Этого ее «все же» я никогда не понимал. Не поддавалось оно грамматическому разбору. Полагаю, оно исполняло роль того, что у немцев называется «словом-переключателем». Оно что-то делало с предложением, однако сказать, что именно, было трудно. Я знаю только, что миссис Крут так же не могла сказать «Разве природа не прекрасна?», не вставив в эту фразу «все же», как Тони Блэр – да благословят его небеса – не может ответить на вопрос журналиста, не сказав для начала: «Вот посмотрите».

У мистера Крута страстей было две: ярко-красный «робин рилайэнт»[282] и команда Кингс-Линна по спидвею. Последняя страсть позволяла ему и Йену пространно беседовать о мотоциклах, пока я издавал одобрительные шумы по поводу стряпни миссис Крут – почти несъедобной.

Что касается самого «Норкита», он занимал – и с немалым успехом – положение среднее между школой и университетом. Здесь хорошо преподавались английская и французская литература и история искусств, однако помимо курсов повышенного уровня предлагалось и большое число других, сопровождавшихся практическими занятиями, – на них учились техники, обслуживающий персонал ресторанов и гостиниц и так далее, – а также курсов «повышения квалификации». Здешние «студенты» происходили из самых разных слоев общества – со столь разномастной компанией мне до той поры сталкиваться еще не случалось. Никаких затруднений, касающихся различий в происхождении, я не испытывал, все принимали меня как своего, без вывернутого наизнанку снобизма, которого я поначалу побаивался.

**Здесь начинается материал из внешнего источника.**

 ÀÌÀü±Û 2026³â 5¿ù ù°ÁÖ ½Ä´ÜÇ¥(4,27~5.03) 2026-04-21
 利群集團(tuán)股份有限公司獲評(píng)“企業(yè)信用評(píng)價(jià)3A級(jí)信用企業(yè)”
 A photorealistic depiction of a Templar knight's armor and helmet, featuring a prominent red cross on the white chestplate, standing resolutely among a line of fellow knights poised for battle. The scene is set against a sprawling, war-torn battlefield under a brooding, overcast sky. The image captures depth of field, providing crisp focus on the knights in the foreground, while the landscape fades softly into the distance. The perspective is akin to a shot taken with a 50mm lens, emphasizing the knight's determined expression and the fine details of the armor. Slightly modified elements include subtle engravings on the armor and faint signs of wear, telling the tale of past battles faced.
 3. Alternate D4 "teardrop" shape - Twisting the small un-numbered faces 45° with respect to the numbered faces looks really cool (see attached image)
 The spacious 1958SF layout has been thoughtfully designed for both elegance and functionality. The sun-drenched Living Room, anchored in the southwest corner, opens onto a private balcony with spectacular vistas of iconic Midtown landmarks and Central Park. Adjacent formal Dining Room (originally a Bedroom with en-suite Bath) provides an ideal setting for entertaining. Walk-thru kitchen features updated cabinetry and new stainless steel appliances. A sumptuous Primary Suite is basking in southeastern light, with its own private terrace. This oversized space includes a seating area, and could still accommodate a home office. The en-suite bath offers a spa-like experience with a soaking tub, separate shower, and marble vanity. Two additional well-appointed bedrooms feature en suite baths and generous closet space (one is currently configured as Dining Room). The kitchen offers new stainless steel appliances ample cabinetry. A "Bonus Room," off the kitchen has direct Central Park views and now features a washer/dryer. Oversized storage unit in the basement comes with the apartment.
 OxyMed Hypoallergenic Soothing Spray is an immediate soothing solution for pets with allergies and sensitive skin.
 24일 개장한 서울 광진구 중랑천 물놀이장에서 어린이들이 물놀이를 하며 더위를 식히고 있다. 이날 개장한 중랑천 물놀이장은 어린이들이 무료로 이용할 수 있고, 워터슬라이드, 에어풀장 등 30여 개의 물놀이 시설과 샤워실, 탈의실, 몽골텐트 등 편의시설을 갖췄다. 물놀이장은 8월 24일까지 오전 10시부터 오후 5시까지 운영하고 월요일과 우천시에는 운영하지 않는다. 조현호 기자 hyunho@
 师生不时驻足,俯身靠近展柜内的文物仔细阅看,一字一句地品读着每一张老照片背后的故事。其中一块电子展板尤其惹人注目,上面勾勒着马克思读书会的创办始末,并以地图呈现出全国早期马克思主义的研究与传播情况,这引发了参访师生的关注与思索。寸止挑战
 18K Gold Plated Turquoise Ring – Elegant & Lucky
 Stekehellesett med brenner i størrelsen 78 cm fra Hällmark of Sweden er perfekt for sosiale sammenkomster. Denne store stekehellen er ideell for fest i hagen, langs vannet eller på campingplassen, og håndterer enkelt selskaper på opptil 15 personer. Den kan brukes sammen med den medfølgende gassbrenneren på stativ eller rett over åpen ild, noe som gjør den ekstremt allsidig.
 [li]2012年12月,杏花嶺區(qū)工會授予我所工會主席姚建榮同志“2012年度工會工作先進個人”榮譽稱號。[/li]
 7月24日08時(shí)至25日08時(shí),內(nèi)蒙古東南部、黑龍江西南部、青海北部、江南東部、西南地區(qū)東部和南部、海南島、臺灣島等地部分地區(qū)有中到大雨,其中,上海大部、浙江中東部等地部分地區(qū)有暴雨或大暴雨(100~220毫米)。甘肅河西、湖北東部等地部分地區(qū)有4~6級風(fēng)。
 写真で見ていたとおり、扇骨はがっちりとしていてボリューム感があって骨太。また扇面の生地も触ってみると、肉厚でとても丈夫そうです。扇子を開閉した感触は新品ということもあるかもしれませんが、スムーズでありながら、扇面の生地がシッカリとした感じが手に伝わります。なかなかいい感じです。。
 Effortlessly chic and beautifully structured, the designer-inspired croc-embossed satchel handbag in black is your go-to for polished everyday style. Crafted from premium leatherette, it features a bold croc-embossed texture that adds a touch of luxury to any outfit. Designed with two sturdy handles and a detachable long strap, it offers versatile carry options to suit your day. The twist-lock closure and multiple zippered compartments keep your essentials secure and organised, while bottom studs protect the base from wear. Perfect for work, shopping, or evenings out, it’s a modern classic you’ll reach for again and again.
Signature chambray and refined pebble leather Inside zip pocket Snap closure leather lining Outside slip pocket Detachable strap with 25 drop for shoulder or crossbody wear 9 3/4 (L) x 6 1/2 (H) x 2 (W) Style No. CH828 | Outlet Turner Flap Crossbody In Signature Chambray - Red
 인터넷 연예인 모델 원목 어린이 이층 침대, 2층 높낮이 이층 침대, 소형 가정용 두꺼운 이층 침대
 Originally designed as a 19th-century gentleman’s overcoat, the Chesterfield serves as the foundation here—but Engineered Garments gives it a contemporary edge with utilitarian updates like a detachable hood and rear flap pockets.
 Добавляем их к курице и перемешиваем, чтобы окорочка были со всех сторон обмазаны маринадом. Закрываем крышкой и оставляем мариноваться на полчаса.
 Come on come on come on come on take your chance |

Стоит отметить, что в «Норките» обучалось и множество девушек. С двумя из них – с Джудит и Джиллиан – я очень быстро подружился. Джудит обожала Гилберта О’Салливана[283] и хотела стать писательницей: она уже придумала себе героиню в духе Даниэлы Стил и Джеки Коллинз[284] – женщину по имени Кастелла, и зачитывала нам выдержки из того, что в то время сочиняла. Втроем мы купили в складчину сингл Терри Джекса[285]«Времена под солнцем», сильно нас тронувший. Думаю, Джудит подозревала о моей сексуальной ориентации, она была приятнейшей девушкой с густыми рыжими волосами – девушкой из тех, что становятся естественными наперсницами мужчин-геев. А вот Джиллиан стала на недолгое время моей подружкой, были у нас с ней диско-мгновения, носотерства и обжиманства, которые, впрочем, ни к чему не привели.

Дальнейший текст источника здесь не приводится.